Can you stay or must you go?

Optimus LAW

EU citizens post-Brexit rights demystified - (Sub Title) On 6th October 2017, the Chancellor of the Exchequer Philip Hammond, wrote to the Director General of the British Chambers of Commerce (BCC) to address the matter of EU citizen’s rights in the UK after Brexit.

In his letter the Chancellor reiterates what has been publicly announced several times since Article 50 was triggered, which is that, “Any UK citizen in the UK at a specified date with five years continuous residence will be able to apply for UK settled status.

"Other EU citizens who arrive before the specified date will be able to stay until they have the five years’ residence to apply for UK settled status."

He also confirmed that there will be a grace period after the UK leaves the EU, to enable people to get their affairs in order and make their applications to settle.

These references to a ‘specified date’ may appear to be opaque.
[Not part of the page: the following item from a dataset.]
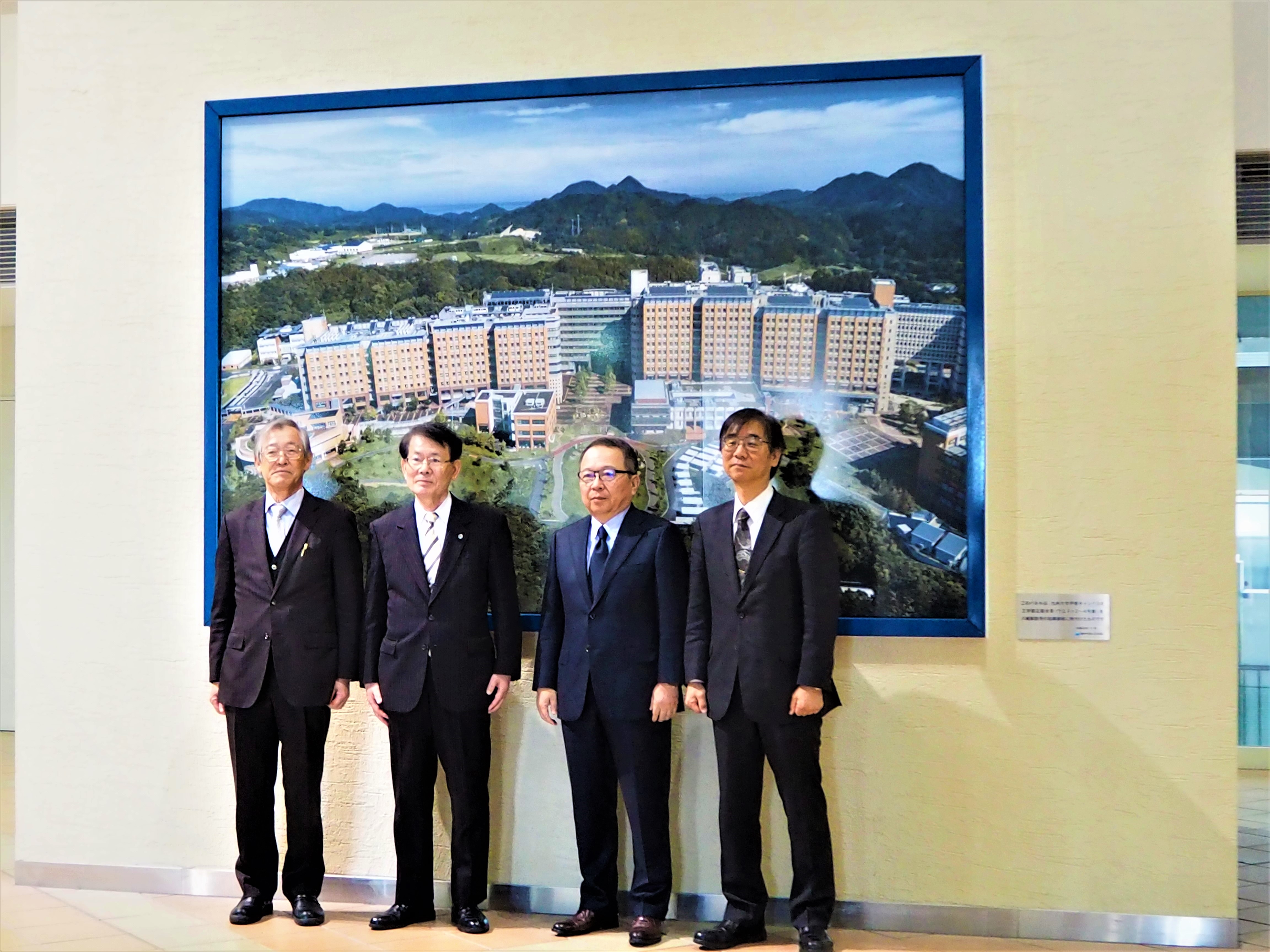 これを受けて、12月19日、同社谷本進治代表取締役副社長が来学され、モニュメントの前で九州大学久保千春総長から寄贈に対するお礼があった後、大学院工学研究院久枝良雄研究院長、鉄鋼リサーチセンター中島邦彦センター長、髙木節雄名誉教授と歓談されました。

However, the Chancellor’s letter addresses the matter.

“We are clear that it shouldn’t be earlier than the date we triggered article 50 (March 29th, 2017), and no later than the date we leave the EU.”

Still unclear? What this means is that all EU citizens who were in the UK before Article 50 was triggered are entitled to apply for UK settlement, should they wish.

It also means that a date has yet to be set for EU citizens who arrived after Article 50 was triggered.

If you are an EU citizen and you arrived in the UK in, for example, June 2017, then it is not yet clear if you will be entitled to apply for settlement status.

The Chancellor has given a reason for this: "To specify a date now, and then risk this changing through the course of the negotiations, would lead to further uncertainty."

Why wait? The obvious question is why doesn’t the UK government just agree a cut-off date for those who arrived after Article 50 was triggered?

There are two primary reasons. The first is politics. The UK government needs to consider the rights of UK citizens currently living in the EU.

The EU has not yet provided the UK government with any assurances on this matter.

Commentators accuse the government of using people’s lives as bargaining chips.

However, the reality is that a government’s first obligation is to safeguard the security, safety and wellbeing of its own citizens above all others.

It would be extraordinary if the British Prime Minister made cast-iron assurances to EU citizens before first finding out if her own citizens were properly considered.

The second matter is one of sovereignty. The British government is preparing to do what no other country in the world has ever done: to leave the European Union and take back full sovereign control of its affairs.

None of us has been here before. Any decisions that are made today will affect British affairs for years to come.

There are direct fiscal consequences attached to these decisions.

For example, if the government chose to allow any EU citizen to arrive and apply for settlement up to the eleventh hour (29th March 2019) then this leaves the UK open to the potential for a sudden surge of mass immigration.

Would this be fair to the British taxpayers who would have no choice but to pay for their settlement, possible benefits, school fees and healthcare costs?

Of course, whatever the cut-off date is, the UK is likely to see a last-minute increase in arrivals.

This cannot be avoided. But, perhaps that’s another key reason why the government has not yet done so – it must be a carefully weighed decision.

Our advice:

1. If you have been living and working in the UK since before Article 50 was triggered – fear not. Relax. You will be fully entitled to apply for settlement whereupon, if successful, you will be able to stay in the UK permanently. (Disclaimer: Right to Remain is granted only after five years of settlement – this is the case for all citizens from anywhere in the world who wish to take a British passport).

2. If you arrived to live and work in the UK after Article 50 was triggered, your prospects in the UK are yet to be decided. It is likely that a cut-off date will be announced in due course because this is one of the most crucial parts of the early negotiations.

3. If, after a cut-off date has been announced, your arrival happened after that date, it is extremely likely that the UK government will also provide guidance for you on how to apply to stay living and working in the UK. It is fair to suggest that each case will be decided on its own merit and will be linked to employment status.